9. Protocols provided under section 36 of the Act of 1997 and Rules 5 and 6 in view of the dicta rendered by the Hon’ble Supreme Court in the well celebrated case of Imam Bakhsh published in 2018 SCMR 2039 have not been complied with.

10. So far as the case of the appellant Basharatullah is concerned, whose case is far better; he was found to be sitting alongside the driver; the prosecution has miserably failed to establish that he had any knowledge about the narcotics having been concealed in the secret cavities of the dashboard. In this regard reliance can be placed upon the case of “Hussain Shah v. State (PLD 2020 SC 132). Relevant excerpt follows as under;

“6. As far as Abdul Sattar appellant is concerned it was alleged by the prosecution that he was a cleaner and a helper of his co-convict namely Hussain Shah and he was travelling in the same vehicle when the said vehicle was intercepted by the raiding party. It has been pointed out before us that that according to the evidence brought on the record Abdul Sattar appellant also knew about existence of a cavity in the body of the relevant vehicle but nothing had been said by any prosecution witness about the said appellant having the requisite knowledge about availability of narcotic substance in such cavity of the vehicle. As a matter of fact no evidence worth its name had been brought on the record to establish that the said appellant was conscious about availability of narcotic substance in a secret cavity of the relevant vehicle in which he was travelling along with its driver. The law is settled by now that if the prosecution fails to establish conscious possession or knowledge in that regard then a passenger cannot be convicted solely on the basis of his availability inside a vehicle at the relevant time. This appeal is, therefore, allowed to the extent of Abdul Sattar appellant, his conviction and sentence recorded and upheld by the courts below are set aside and he is acquitted of the charge by extending the benefit of doubt to him. Abdul Sattar appellant shall be released from the jail forthwith if not required to be detained in connection with any other case.”
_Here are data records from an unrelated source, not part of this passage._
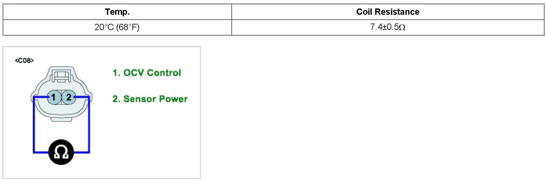 3. Measure resistance between terminal 1 and 2 of OCV harness connector. (Component Side)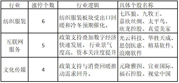 从行业特征来看,今日涨停板个股中,纺织服装、互联网服务、文化传媒行业的个股最多。
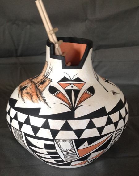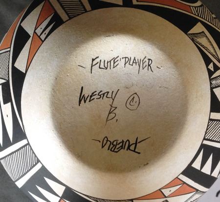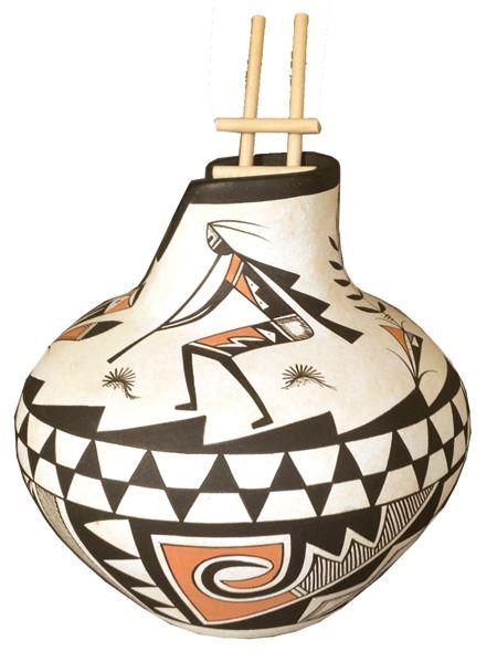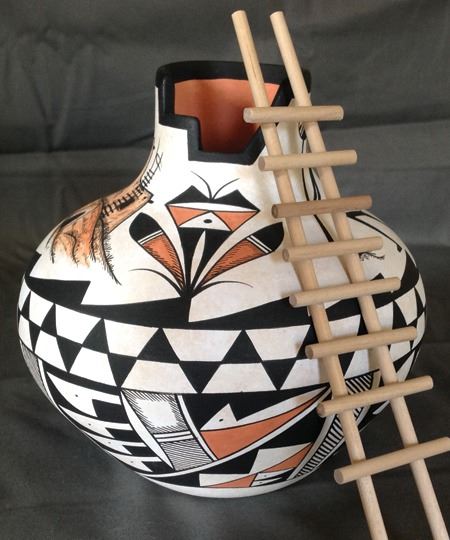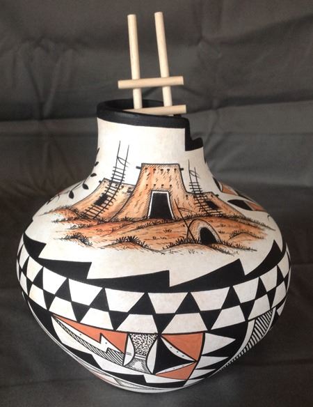 Ca. 2017, Contemporary Acoma/Navajo pottery with flute player, depicting a Kiva, and ladder. Very good condition. 7" x 7"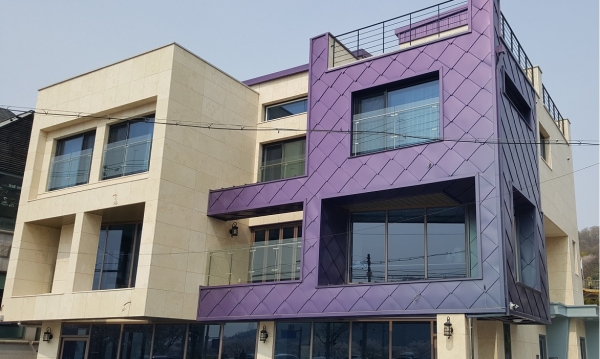 또 평이음강판을 새롭게 출시하면서 레보엠PP와 더불어 수요를 늘려가고 있다. 평이음강판도 레보엠PP와 마찬가지로 색상이 변하며 서로 연결해 외장재로 적용할 수 있다. 강판끼리 쉽게 연결이 가능해 공사기간을 대폭 단축시킬 수 있으며 태풍에도 견딜 수 있을 정도로 내구성이 좋다.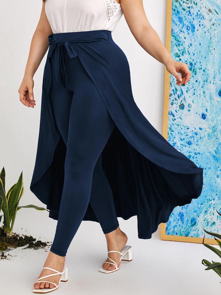 Plus High Waist Long Palazzo Overlay Skirt Pants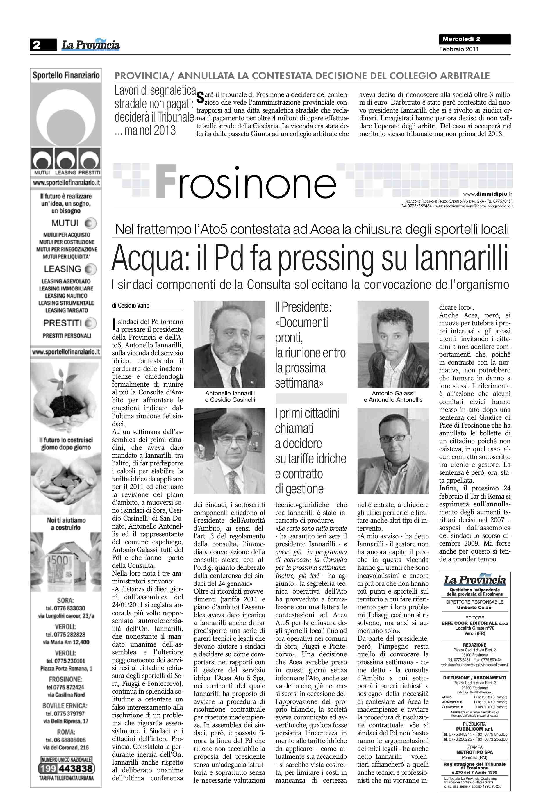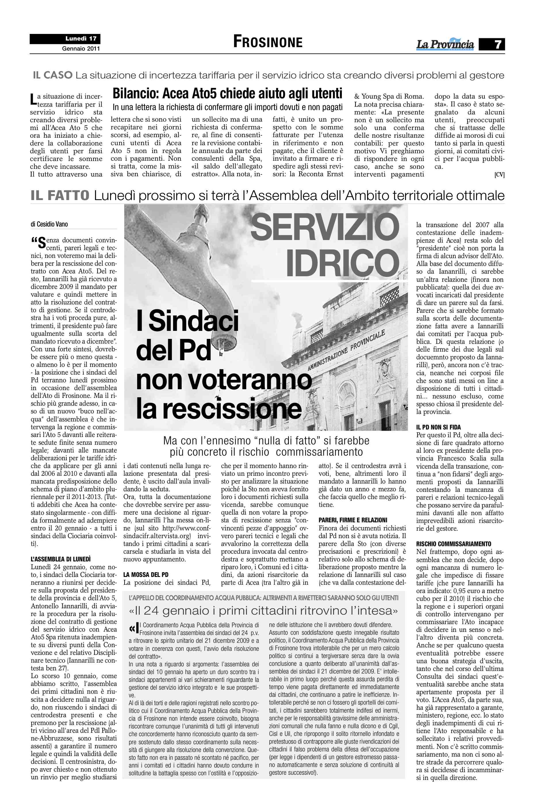 Da La Provincia Quotidiano del 7 Febbraio 2011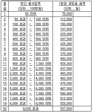 의료기관의 1일 평균 수입액에 일정 과징율을 적용하는 방식으로, 수입액이 많은 사업자의 경우 과징금 수준이 높아지고, 반대로 매출이 적은 사업자는 그 금액이 작아진다.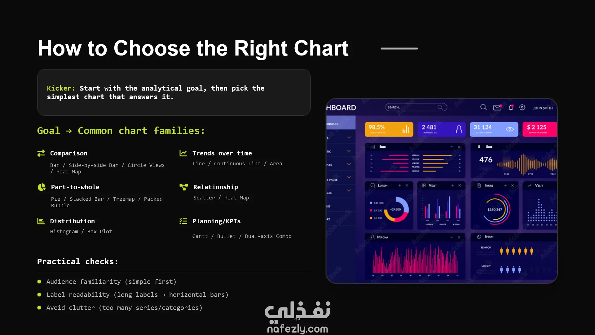 دليل أنواع الرسوم البيانية (Chart Types Guide) – عرض تقديمي احترافي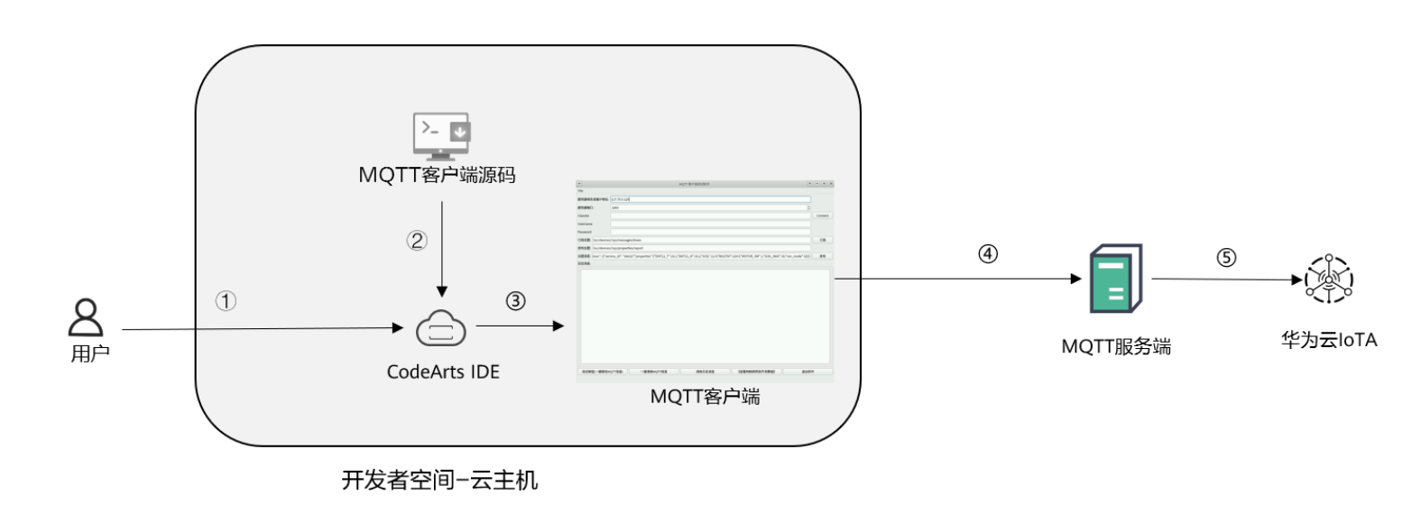 - MQTT服务器与华为云IoTA通信,像注册的设备发布和订阅消息。

11. For the foregoing reasons, we believe that the prosecution has miserably failed to prove the indictment and have concluded that the reasoning assigned by the trial court are based on misreading of evidence as well as improper appraisal of evidence.

Thus, we are persuaded to set aside the impugned judgment dated 24th February 2022 drawn by the Trial Court and acquit both the appellants of the charge, extending them the premium of benefit of doubt.

Appellants be set free, if not detained in any other case.